- [About this task] Leaving out all pictures, transcribe the lines below exactly, from the first through the line containing "Muito além de".

Segment Start: Exercise data

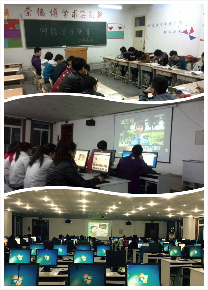 電信系團總支組織各班團支部于2014年11月24日至30日,深入開展了以“網(wǎng)絡(luò)安全宣傳教育”為主題的活動。宣傳周期間,組織各班觀看了與網(wǎng)絡(luò)安全有關(guān)的紀錄片及電影,播放中央網(wǎng)信辦制作的“網(wǎng)絡(luò)安全在我身邊”公益短片等視頻資料;通過QQ、微博、微信等多種網(wǎng)絡(luò)傳播渠道,宣傳網(wǎng)絡(luò)安全知識;召開“網(wǎng)絡(luò)安全教育”主題班會,學生討論并舉例說明大家在網(wǎng)絡(luò)中親身經(jīng)歷過的網(wǎng)絡(luò)危害,并分析其原因,使同學們了解更多的網(wǎng)絡(luò)詐騙形式。
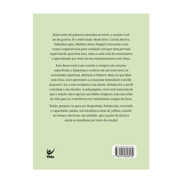 Muito além de palavras lançadas ao vento, a oração é um ato de guerra, fé e intimidade. Neste livro, Camila Barros, Gabriela Lopes, Midian Lima e Raquel Lima unem suas vozes e experiências para conduzir você por uma jornada espiritual de quarenta dias, rumo a uma vida de crescimento e aprendizado por meio do seu relacionamento com Deus.
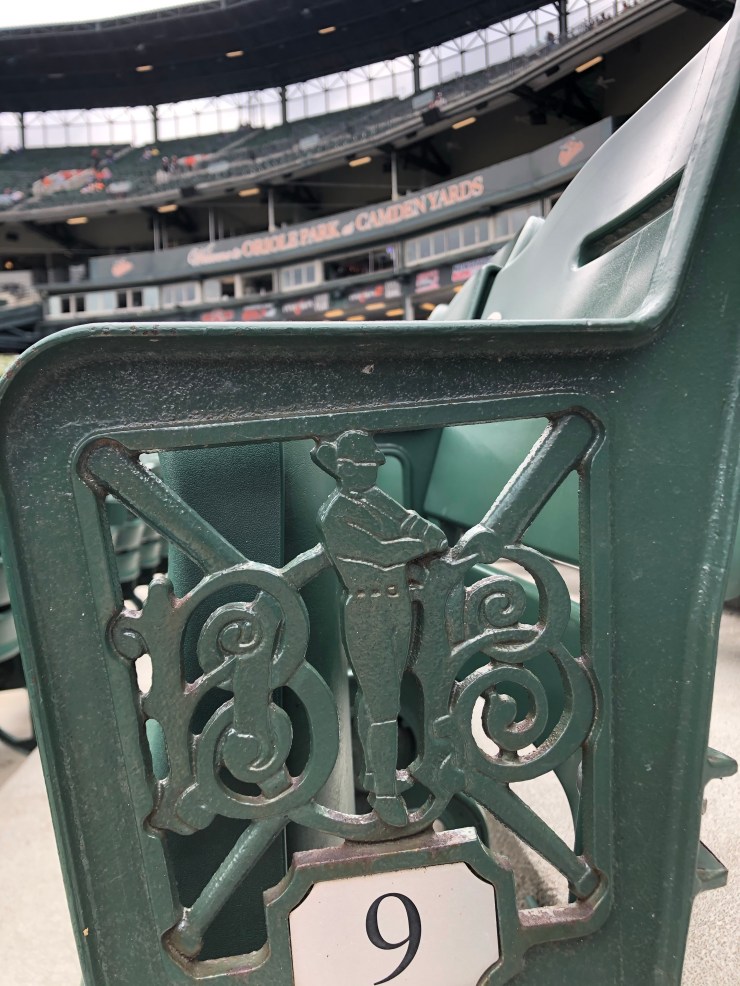 Janet Marie Smith, an architect who became the Orioles’ vice president overseeing stadium design and construction, wanted these ornate seat logos to resemble the script logos on benches in Tiger Stadium and Polo Grounds.
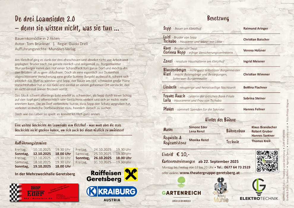 Es freut uns sehr, dass wir euch ab 10. Oktober 2025 unser neues Stück "De drei Loamsieder 2.0 - denn sie wissen nicht, was sie tun" präsentieren dürfen.

Segment End: Exercise data

- [Result]
 電信系團總支組織各班團支部于2014年11月24日至30日,深入開展了以“網(wǎng)絡(luò)安全宣傳教育”為主題的活動。宣傳周期間,組織各班觀看了與網(wǎng)絡(luò)安全有關(guān)的紀錄片及電影,播放中央網(wǎng)信辦制作的“網(wǎng)絡(luò)安全在我身邊”公益短片等視頻資料;通過QQ、微博、微信等多種網(wǎng)絡(luò)傳播渠道,宣傳網(wǎng)絡(luò)安全知識;召開“網(wǎng)絡(luò)安全教育”主題班會,學生討論并舉例說明大家在網(wǎng)絡(luò)中親身經(jīng)歷過的網(wǎng)絡(luò)危害,并分析其原因,使同學們了解更多的網(wǎng)絡(luò)詐騙形式。
 Muito além de palavras lançadas ao vento, a oração é um ato de guerra, fé e intimidade. Neste livro, Camila Barros, Gabriela Lopes, Midian Lima e Raquel Lima unem suas vozes e experiências para conduzir você por uma jornada espiritual de quarenta dias, rumo a uma vida de crescimento e aprendizado por meio do seu relacionamento com Deus.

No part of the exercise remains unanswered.